Sodium benzoate is used more often in food. Currently, there are studies being done about how consuming it can cause cancer, DNA damage, and Parkinson’s disease. Though this is only when it is ingested, some of it will still be absorbed if you put it on your scalp.
Though this ingredient was not in mine, I was able to find someone else who posted the ingredients of their Function of Beauty shampoo. Hexanediol was one of their custom hair care ingredients.
The National Library of Medicine did a study on this, which was done on plants. The plants died, and the conclusion of the study was that Hexanediol had a high probability of being toxic to humans.
What Function of Beauty Says
Function of Beauty has a whole page on its site that talks about product safety. They even have an article on their blog that says they passed all major safety standards.
However, not only does this not mention other types of safety standards, but Function of Beauty also doesn’t provide any form of proof or documentation of the tests. The same goes for their other post, which has a list of tests they supposedly do while not showing any test results.
Finally, also worth noting is that they do say their products are gluten-free. However, gluten-free is not the same thing as wheat-free, and most companies that have no wheat say so.
Therefore, it is reasonable to assume that Function of Beauty does have some form of wheat, just not the gluten part, so those with severe wheat allergies should avoid it, as it could affect hair growth.
Is Function of Beauty Worth the Cost?
The cost of the Function of Beauty shampoos is similar to high-end shampoos from other brands. This is way more expensive than brands you might find on the shelves of your store.
However, the ingredients are actually similar to what you might find on the back of one of those. In short, you are basically paying for a store-shelf product at a high-end price solely because there is some customizability to it for your hair type.
As we already saw, Function of Beauty has a number of questionable ingredients that you may not want on your hair. The lack of natural ingredients also leaves a lot to be desired.
Do you need natural ingredients to get gorgeous hair? No, but natural ingredients are less likely to have side effects that could damage your hair.
Besides the ingredients, more than one person has complained that the pumps sometimes stop working.

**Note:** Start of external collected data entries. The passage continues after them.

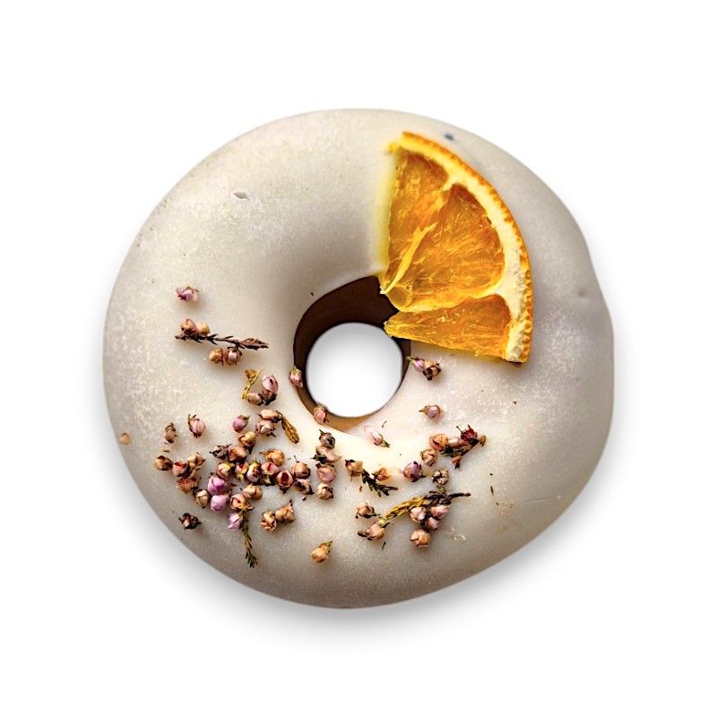 Speciální edice mýdla s čokoládovo-medovou vůní a bílým topem zdobeným kvítky vřesu a plátkem sušeného pomeranče. Ideální dárek nebo stylový doplněk do koupelny.
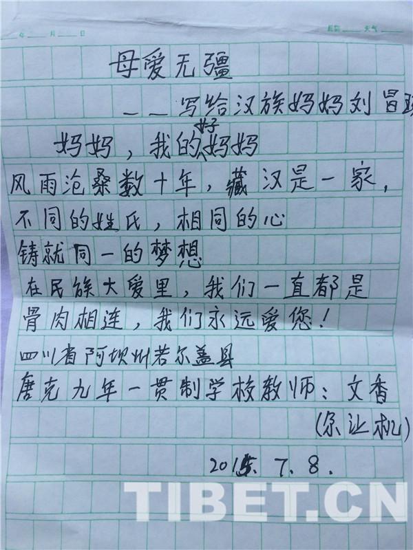 △文香(尕讓機)給漢族媽媽劉昌珍寫的信。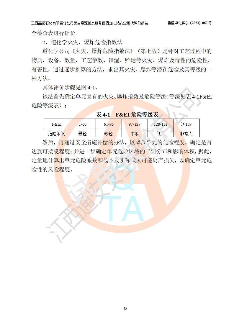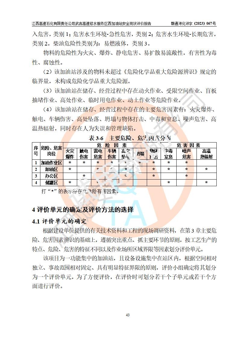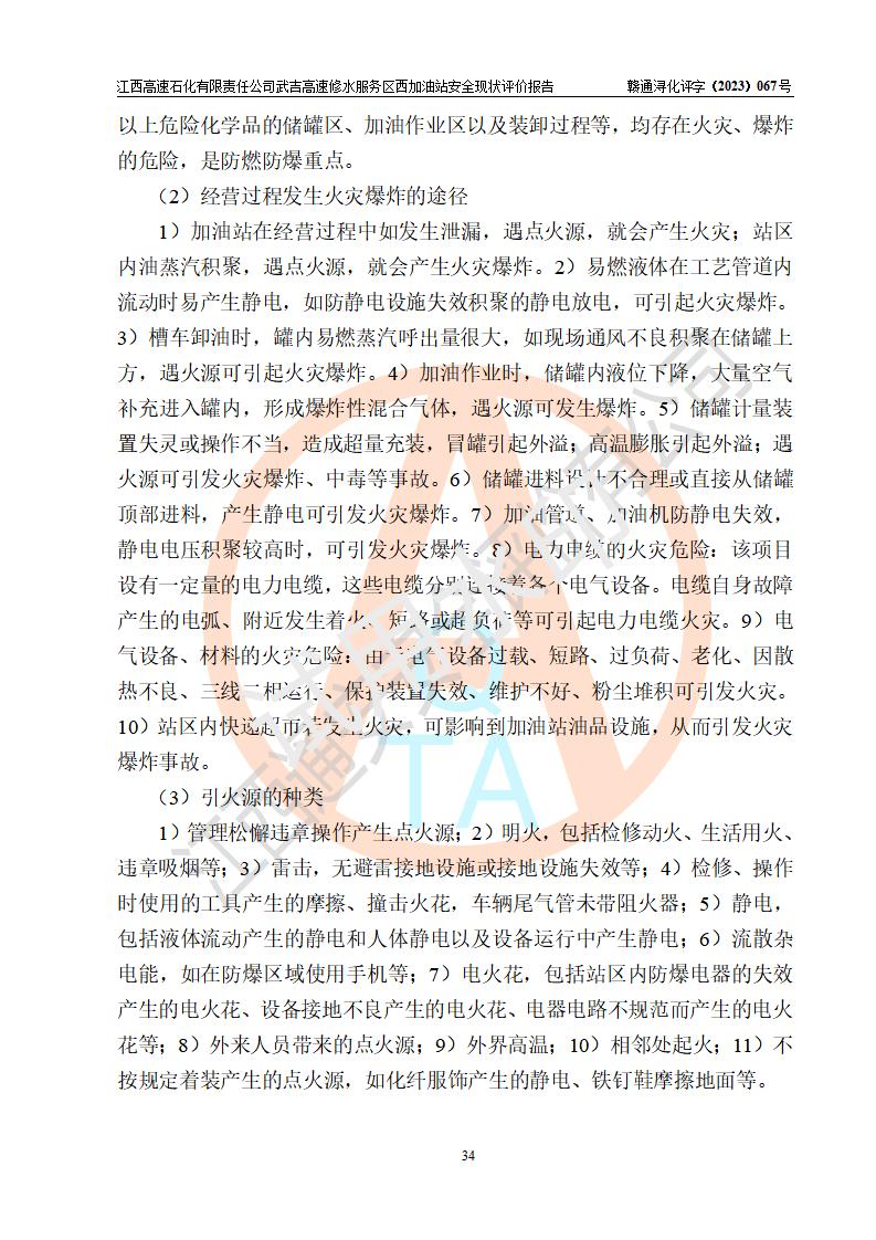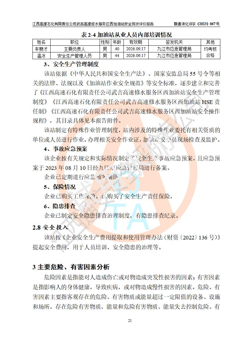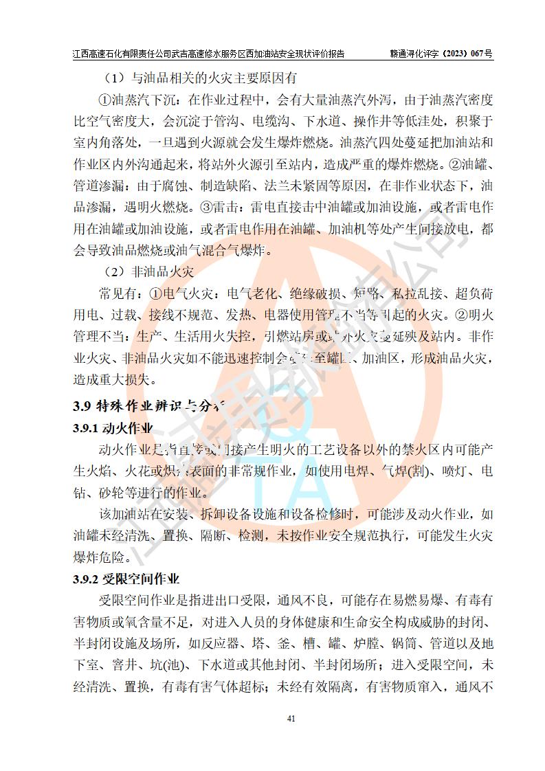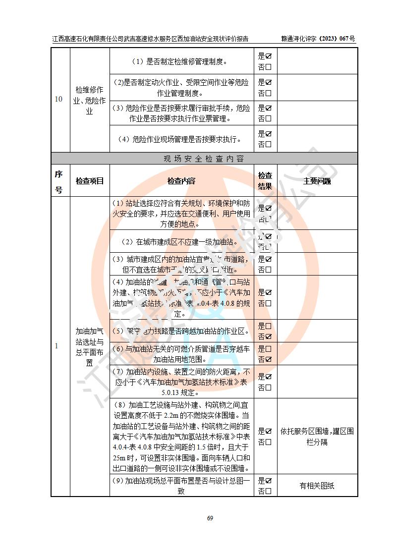 評價報告名稱 | 江西高速石化有限責任公司武吉高速修水服務區(qū)西加油站安全現(xiàn)狀評價報告 | |||
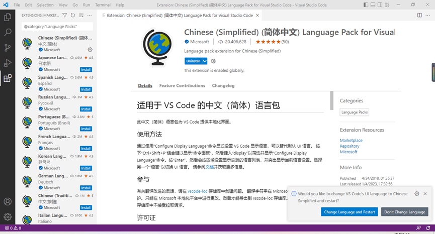 在扩展中搜索“Chinese”选择中文简体,然后点击install,安装完成后右下角出现是否应用的弹窗提示。
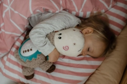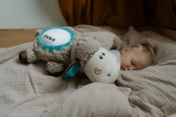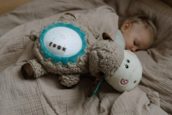 Het schaapje straalt warm, zacht licht uit en speelt melodieën en gedempte natuurgeluiden af voor stressvrij inslapen.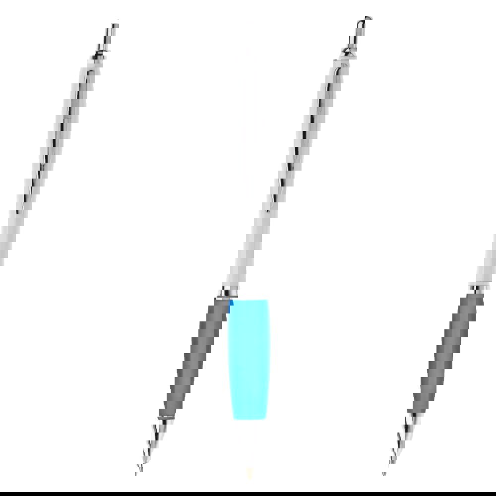 Weißer Kugelschreiber mit Metallclip, metallisierter Drücker, Ring und Spitze. Blauschreibende... mehr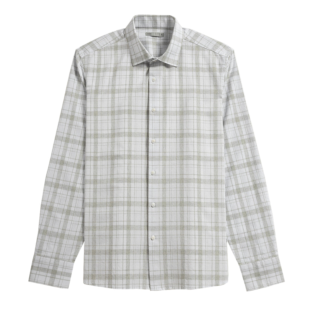 The Adrian Heather Check Shirt features a layered checkered pattern on textured poplin fabric, offering soft comfort and breathability. Its relaxed spread collar and broken-in feel make it perfect for simple to smart casual wear, with easy layering options for added utility and function.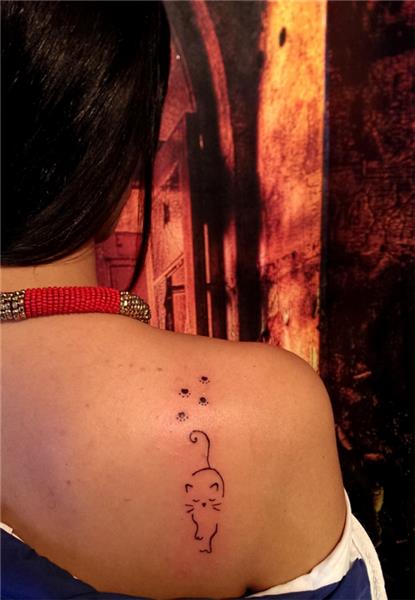 Cat walk paw tattoos, Çizgisel Omuz Dövmesi, Kedi Dövmeleri, Kedi ve Pati Dövmesi

Though you can use it without a pump, you may choose to buy a new one, which will cost you even more.
All in all, Function of Beauty is not a brand I recommend. Though their custom products might seem nice, even their fragrance-free and dye-free options still have far too many chemicals.
If you decide to try it for yourself, you should be forewarned about subscribing. Many who have subscribed to get shampoo and conditioner from Function of Beauty have reported problems unsubscribing, including getting a confirmation email stating they wouldn’t be charged, only to be charged anyway.
If you have used Function of Beauty beauty products for your unique hair, I’d love to know what you noticed about it. Did you use it for a week or a few months? And did it make your hair healthy or cause the strands to break when you brush?